Every Day A New PA For Panic! at the Disco

Adaptable audio fuels sonic diversity on band's latest concert tour

Once the exception and now the rule on many tours, the practice of picking up whatever hand the house deals in terms of PA from venue to venue isn’t so much a gamble as it is a chance to exercise one’s ingenuity.

“VerTec, V-DOSC, Martin Audio, I never complain,” says Spencer Jones with an air of existential audio contentment. “I think it’s actually kind of fun to use a new rig every day, some you may not have even heard before. The show is never exactly the same, and with the technologies ever-improving, we get to stretch our wings creatively on a regular basis.”

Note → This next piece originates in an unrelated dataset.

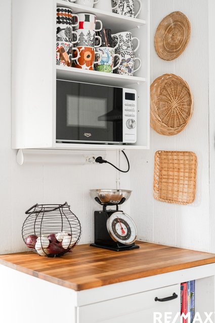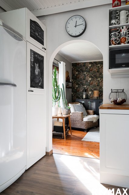 - Jääkaappi, pakastin, hella, uuni, astianpesukone, liesituuletin aktiivihiilisuodatin, puutaso, kaapistot, Lattia: laminaatti, Seinät: maalattu sisustuslevy

As front-of-house engineer for Panic! at the Disco, Jones’ latest foray with the band and monitor engineer Jeremy “Spud” Groshong recently took him on a PA du jour odyssey spanning 25 dates in the U.S. and two in Canada.

Supporting the group’s fourth studio album, Too Weird to Live, Too Rare to Die!, the tour carried consoles, cabling, subsnakes, microphone stands, and other ancillary gear provided by Camarillo, CA-based Rat Sound.

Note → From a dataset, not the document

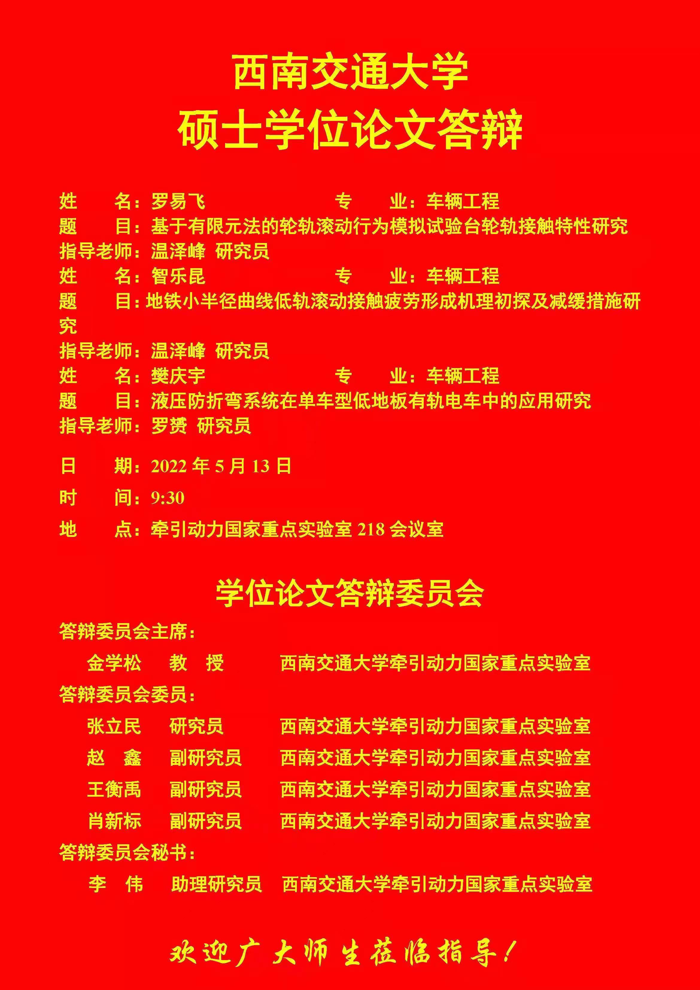 西南交通大学罗易飞、智乐昆、樊庆宇硕士学位论文答辩

FOH engineer Spencer Jones, who’s been with the band since 2011, with his Avid Profile console and a rack of largely analog processors.

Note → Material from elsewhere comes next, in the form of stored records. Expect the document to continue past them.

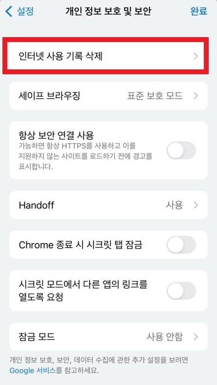 5. 개인 정보 보호 및 보안에서 인터넷 사용 기록 삭제 누르기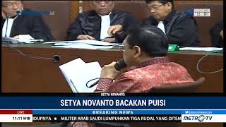 Setya Novanto mengakhiri pembacaan pledoi pribadinya dengan puisi berjudul Di Kolong Meja. Puisi \'karya Linda Djalil untuk Mas Novanto\' itu dia bacakan ...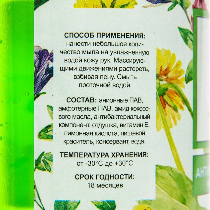 Способ применения: нанести небольшое количество мыла на влажную кожу рук, массирующими движениями растиреть, взбивая мыло в пену. Смыть проточной водой.

Playing venues ranging in size from Vancouver, British Columbia’s 990-capacity Commodore to the 2,425-seat House of Blues in Boston, the production traveled light with a single truck and one bus with all bunks filled.

More than half of the songs heard on the new album made their way onto the set list nightly, bringing a sound to the tour that asked less of bass and guitar, moving into the realm of electronica with rich, saturated vocals, delays, and synth sounds, all layered deeply with golden tones, and diverse, hard-hitting dynamics.

Calculated Exercise
“As you’d rightly expect, the real challenge at front of house revolved around consistency,” Jones noted at the end of the run from his home in Arizona. “Given the room and system changes every day, getting things to sound like you wanted them to was always a calculated exercise in manipulation, all within the context of the time given to us.

Monitor engineer Jeremy “Spud” Groshong also uses an Avid console, with the band’s Sennheiser G2 IEM systems racked to his left.

“Acoustically, some rooms were great and others were horrible. I never had the opportunity to tune the PA for a couple hours. Sometimes I only had 15 minutes.”

While the environments and system elements they found themselves working with varied greatly, at least both Jones and Groshong had Avid VENUE Profile consoles as a constant. With 33 inputs arriving at his desk from the stage along with a few talkbacks, Jones was enveloped in a digital world, but he nonetheless took a somewhat analog approach to the tasks at hand.